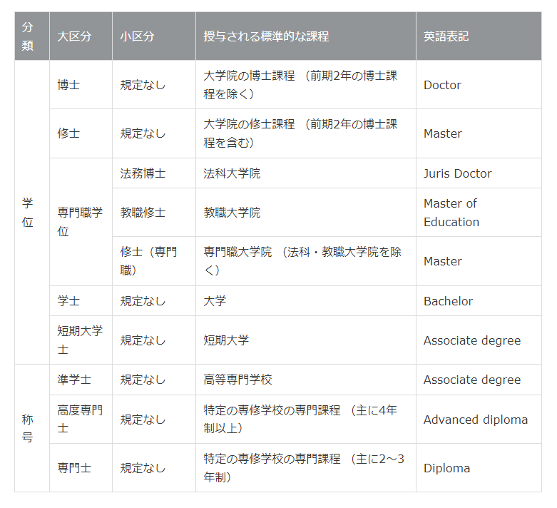 首先,基于日本的学校教育法,日本的学位只分以下几类:博士、修士、専門職学位、学士、短期大学士。其他的,比如高等专门学校毕业的称为准学士,专门学校毕业的称为专门士,这两者,只是称号,而非正式的学位。
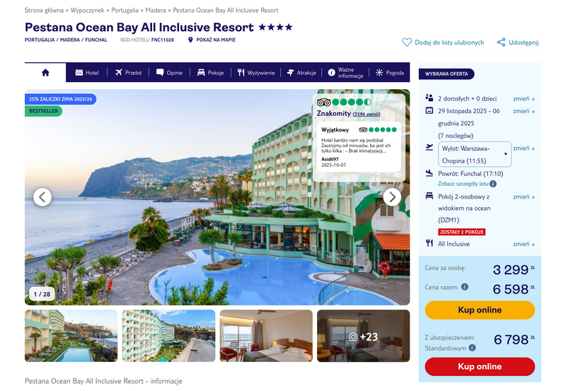 Aktualizacja: Madera: 4* Pestana Ocean Bay All Inclusive Resort nad oceanem od 2949 zł
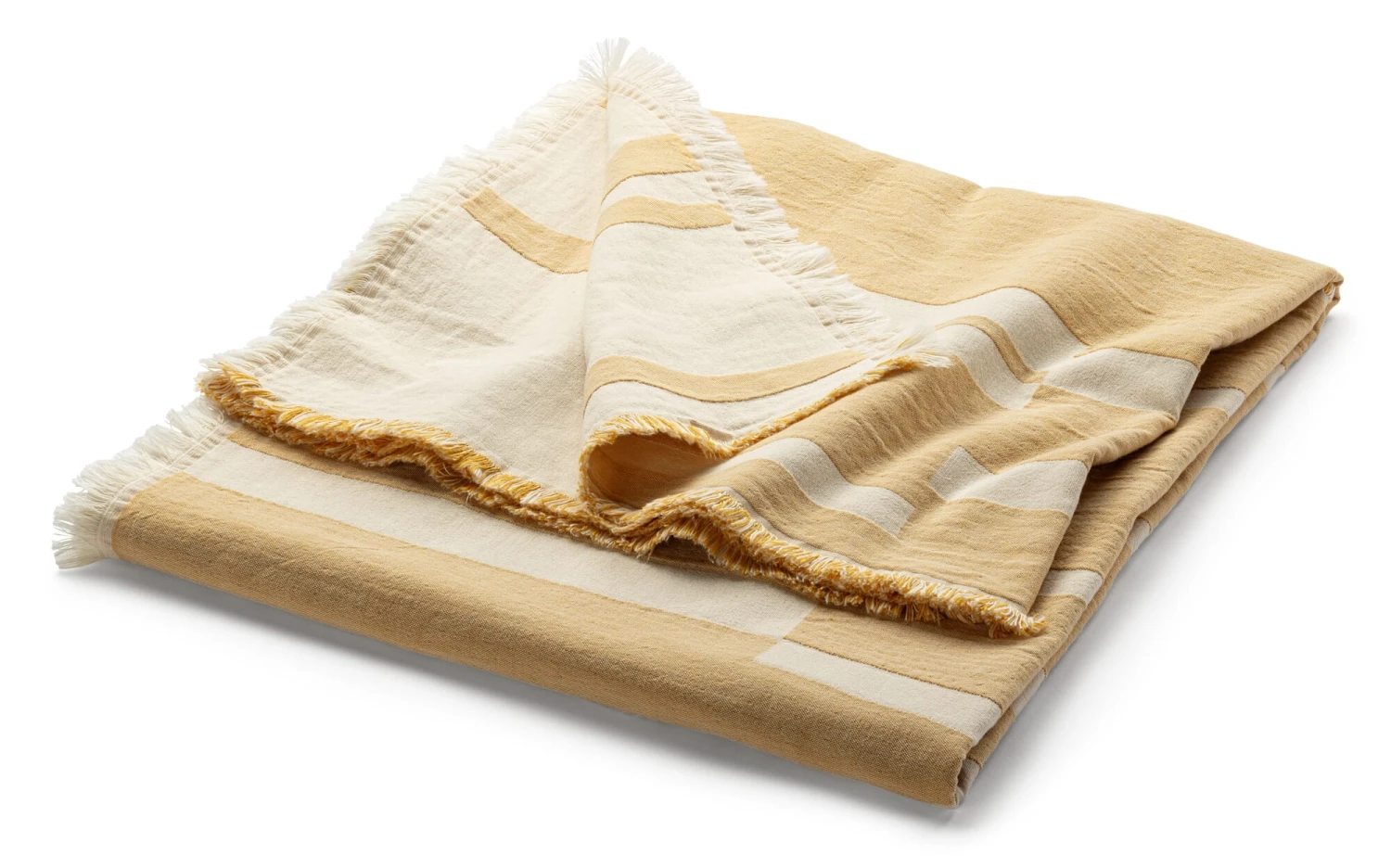 100% katoen. Gemaakt in Portugal. 180 × 130 cm inclusief franjes.

==========

Task to carry out >> Only the pictures are to be dropped; all other material above must be repeated exactly.

Answer box >>
 首先,基于日本的学校教育法,日本的学位只分以下几类:博士、修士、専門職学位、学士、短期大学士。其他的,比如高等专门学校毕业的称为准学士,专门学校毕业的称为专门士,这两者,只是称号,而非正式的学位。
 Aktualizacja: Madera: 4* Pestana Ocean Bay All Inclusive Resort nad oceanem od 2949 zł
 100% katoen. Gemaakt in Portugal. 180 × 130 cm inclusief franjes.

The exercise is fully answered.